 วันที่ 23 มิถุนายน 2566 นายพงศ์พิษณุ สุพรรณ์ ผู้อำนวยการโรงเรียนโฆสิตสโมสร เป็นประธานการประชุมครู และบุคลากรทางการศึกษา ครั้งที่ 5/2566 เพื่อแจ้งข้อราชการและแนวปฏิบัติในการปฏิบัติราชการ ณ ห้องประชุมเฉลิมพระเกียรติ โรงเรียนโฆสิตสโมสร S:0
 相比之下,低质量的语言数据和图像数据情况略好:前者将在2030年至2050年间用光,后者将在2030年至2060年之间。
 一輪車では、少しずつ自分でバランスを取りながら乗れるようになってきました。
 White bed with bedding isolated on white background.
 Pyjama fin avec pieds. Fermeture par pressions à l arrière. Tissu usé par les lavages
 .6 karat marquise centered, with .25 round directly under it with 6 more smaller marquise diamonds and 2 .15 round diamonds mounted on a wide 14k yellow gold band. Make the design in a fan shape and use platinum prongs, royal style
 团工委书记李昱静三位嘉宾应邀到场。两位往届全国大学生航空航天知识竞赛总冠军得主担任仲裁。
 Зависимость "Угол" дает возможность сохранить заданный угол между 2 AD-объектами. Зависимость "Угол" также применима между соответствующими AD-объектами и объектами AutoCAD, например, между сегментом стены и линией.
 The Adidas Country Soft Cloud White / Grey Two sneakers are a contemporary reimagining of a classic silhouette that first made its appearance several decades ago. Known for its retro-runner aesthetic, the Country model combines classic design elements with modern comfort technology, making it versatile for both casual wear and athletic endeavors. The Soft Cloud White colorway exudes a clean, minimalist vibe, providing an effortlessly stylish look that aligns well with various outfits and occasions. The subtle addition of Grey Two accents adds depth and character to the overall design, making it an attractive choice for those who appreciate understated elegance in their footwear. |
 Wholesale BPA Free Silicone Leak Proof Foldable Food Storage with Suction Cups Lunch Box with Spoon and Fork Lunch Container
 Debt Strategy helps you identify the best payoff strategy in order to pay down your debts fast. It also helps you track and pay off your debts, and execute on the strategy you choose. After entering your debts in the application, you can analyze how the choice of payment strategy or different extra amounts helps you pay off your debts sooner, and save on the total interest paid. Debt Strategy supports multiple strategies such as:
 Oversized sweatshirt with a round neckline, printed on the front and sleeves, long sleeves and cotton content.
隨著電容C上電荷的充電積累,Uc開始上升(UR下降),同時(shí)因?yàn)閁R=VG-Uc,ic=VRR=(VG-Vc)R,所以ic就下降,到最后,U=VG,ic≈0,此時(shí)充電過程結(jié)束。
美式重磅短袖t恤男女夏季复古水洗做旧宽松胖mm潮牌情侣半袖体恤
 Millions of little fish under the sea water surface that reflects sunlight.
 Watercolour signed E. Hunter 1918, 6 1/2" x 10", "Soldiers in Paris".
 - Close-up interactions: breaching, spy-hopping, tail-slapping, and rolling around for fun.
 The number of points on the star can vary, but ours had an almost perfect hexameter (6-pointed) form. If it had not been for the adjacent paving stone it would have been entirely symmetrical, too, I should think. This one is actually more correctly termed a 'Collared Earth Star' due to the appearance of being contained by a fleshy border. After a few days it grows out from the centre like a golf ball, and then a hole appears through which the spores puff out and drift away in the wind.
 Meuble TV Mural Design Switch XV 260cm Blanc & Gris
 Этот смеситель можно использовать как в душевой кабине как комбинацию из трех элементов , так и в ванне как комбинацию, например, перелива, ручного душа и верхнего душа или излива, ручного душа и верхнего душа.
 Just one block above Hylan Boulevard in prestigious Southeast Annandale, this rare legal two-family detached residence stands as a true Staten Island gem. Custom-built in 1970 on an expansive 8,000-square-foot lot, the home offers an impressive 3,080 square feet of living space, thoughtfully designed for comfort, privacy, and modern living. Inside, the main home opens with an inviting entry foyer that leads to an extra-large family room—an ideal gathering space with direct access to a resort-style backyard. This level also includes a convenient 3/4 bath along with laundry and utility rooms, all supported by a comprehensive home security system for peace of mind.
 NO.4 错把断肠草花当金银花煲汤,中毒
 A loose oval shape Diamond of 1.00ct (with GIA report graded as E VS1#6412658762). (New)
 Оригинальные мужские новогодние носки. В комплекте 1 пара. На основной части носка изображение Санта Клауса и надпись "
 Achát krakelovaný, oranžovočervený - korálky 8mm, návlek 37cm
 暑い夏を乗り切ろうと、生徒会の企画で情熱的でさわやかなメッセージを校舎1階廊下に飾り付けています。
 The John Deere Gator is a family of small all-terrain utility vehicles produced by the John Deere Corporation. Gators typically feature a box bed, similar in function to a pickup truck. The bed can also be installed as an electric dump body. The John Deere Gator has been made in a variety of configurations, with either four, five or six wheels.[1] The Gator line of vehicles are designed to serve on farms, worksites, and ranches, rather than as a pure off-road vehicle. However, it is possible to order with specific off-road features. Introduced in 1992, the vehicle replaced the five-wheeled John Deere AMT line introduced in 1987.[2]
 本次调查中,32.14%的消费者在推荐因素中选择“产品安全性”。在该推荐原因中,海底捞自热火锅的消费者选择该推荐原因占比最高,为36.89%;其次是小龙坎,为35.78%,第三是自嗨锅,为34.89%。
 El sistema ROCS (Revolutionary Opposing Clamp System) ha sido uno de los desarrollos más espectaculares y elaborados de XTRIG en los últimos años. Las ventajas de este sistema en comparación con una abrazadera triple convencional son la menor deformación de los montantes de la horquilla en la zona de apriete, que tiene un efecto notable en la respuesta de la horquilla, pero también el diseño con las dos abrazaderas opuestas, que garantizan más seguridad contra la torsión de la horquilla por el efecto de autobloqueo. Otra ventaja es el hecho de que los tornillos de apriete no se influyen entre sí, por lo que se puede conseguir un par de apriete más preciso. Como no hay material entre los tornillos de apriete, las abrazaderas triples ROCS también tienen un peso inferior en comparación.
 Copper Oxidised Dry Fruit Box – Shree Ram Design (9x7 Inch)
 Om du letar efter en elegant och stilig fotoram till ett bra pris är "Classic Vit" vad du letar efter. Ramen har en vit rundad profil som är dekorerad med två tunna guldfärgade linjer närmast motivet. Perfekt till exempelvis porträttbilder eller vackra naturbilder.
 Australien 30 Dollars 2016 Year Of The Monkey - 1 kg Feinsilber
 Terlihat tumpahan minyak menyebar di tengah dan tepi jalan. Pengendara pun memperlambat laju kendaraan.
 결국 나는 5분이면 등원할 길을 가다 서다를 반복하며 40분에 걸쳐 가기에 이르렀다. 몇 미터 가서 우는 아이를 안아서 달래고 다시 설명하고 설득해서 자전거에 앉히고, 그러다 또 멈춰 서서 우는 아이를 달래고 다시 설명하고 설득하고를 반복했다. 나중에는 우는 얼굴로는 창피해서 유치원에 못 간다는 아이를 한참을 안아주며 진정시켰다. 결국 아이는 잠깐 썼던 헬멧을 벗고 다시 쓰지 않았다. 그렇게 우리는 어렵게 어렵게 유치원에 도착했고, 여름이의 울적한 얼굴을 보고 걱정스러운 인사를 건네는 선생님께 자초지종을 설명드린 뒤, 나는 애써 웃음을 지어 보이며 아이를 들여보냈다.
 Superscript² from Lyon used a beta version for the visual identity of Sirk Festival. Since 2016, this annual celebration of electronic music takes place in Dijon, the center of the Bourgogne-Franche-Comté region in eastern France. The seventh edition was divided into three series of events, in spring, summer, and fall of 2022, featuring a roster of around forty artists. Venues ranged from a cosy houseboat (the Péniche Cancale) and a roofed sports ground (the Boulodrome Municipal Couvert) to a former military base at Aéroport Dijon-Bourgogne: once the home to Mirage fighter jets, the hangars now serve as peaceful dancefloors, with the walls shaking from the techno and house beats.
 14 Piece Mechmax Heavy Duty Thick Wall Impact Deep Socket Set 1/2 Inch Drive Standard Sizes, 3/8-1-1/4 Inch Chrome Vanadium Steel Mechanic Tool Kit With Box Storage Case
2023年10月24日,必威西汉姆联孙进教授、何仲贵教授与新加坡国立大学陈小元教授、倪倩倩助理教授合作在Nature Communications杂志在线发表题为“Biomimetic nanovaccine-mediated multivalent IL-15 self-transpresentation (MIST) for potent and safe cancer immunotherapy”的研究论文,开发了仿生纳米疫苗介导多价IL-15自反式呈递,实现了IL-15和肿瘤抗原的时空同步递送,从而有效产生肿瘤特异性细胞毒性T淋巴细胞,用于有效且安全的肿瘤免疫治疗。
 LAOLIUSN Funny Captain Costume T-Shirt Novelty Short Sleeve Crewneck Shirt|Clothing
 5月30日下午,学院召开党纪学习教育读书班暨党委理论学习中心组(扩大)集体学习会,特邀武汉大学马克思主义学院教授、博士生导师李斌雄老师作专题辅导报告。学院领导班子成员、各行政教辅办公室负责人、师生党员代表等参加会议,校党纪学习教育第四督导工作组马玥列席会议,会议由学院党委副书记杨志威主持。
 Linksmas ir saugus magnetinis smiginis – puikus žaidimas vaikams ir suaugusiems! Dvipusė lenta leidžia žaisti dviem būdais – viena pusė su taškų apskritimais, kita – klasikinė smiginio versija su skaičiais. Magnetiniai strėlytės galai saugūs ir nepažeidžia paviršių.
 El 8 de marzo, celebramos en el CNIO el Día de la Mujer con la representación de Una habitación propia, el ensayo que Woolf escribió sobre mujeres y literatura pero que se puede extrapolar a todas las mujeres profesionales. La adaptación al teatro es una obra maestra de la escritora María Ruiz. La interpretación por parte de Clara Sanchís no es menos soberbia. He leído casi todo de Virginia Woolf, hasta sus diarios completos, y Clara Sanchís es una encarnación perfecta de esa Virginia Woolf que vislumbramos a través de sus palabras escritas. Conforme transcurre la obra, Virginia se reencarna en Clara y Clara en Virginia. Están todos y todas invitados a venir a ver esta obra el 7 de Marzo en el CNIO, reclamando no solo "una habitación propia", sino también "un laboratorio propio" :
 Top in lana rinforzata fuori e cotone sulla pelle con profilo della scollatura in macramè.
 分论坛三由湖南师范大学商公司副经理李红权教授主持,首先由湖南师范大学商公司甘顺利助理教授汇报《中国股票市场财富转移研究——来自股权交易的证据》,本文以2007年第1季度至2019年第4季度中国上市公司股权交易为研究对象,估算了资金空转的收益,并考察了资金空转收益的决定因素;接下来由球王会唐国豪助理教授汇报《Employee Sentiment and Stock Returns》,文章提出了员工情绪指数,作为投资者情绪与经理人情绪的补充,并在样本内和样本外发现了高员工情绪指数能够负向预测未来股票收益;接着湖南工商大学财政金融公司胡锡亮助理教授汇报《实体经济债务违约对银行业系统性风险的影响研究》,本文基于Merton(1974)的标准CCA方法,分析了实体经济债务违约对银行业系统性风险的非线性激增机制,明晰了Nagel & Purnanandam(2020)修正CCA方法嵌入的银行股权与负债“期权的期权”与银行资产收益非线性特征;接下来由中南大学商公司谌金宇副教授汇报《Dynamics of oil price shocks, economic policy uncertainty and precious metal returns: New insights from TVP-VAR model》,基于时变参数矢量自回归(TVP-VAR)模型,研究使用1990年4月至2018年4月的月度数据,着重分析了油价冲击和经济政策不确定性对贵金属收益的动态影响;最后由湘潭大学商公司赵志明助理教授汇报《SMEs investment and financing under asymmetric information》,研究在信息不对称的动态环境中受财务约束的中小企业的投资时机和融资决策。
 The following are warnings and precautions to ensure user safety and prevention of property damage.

■ ■ ■ ■

**Exercise details**
Write the opening line of the data above and every line after it, exactly, stopping once you have written the line with "一輪車では、少しずつ自分でバランスを取りながら乗れるようになってきました。".

**Response to this task**
 วันที่ 23 มิถุนายน 2566 นายพงศ์พิษณุ สุพรรณ์ ผู้อำนวยการโรงเรียนโฆสิตสโมสร เป็นประธานการประชุมครู และบุคลากรทางการศึกษา ครั้งที่ 5/2566 เพื่อแจ้งข้อราชการและแนวปฏิบัติในการปฏิบัติราชการ ณ ห้องประชุมเฉลิมพระเกียรติ โรงเรียนโฆสิตสโมสร S:0
 相比之下,低质量的语言数据和图像数据情况略好:前者将在2030年至2050年间用光,后者将在2030年至2060年之间。
 一輪車では、少しずつ自分でバランスを取りながら乗れるようになってきました。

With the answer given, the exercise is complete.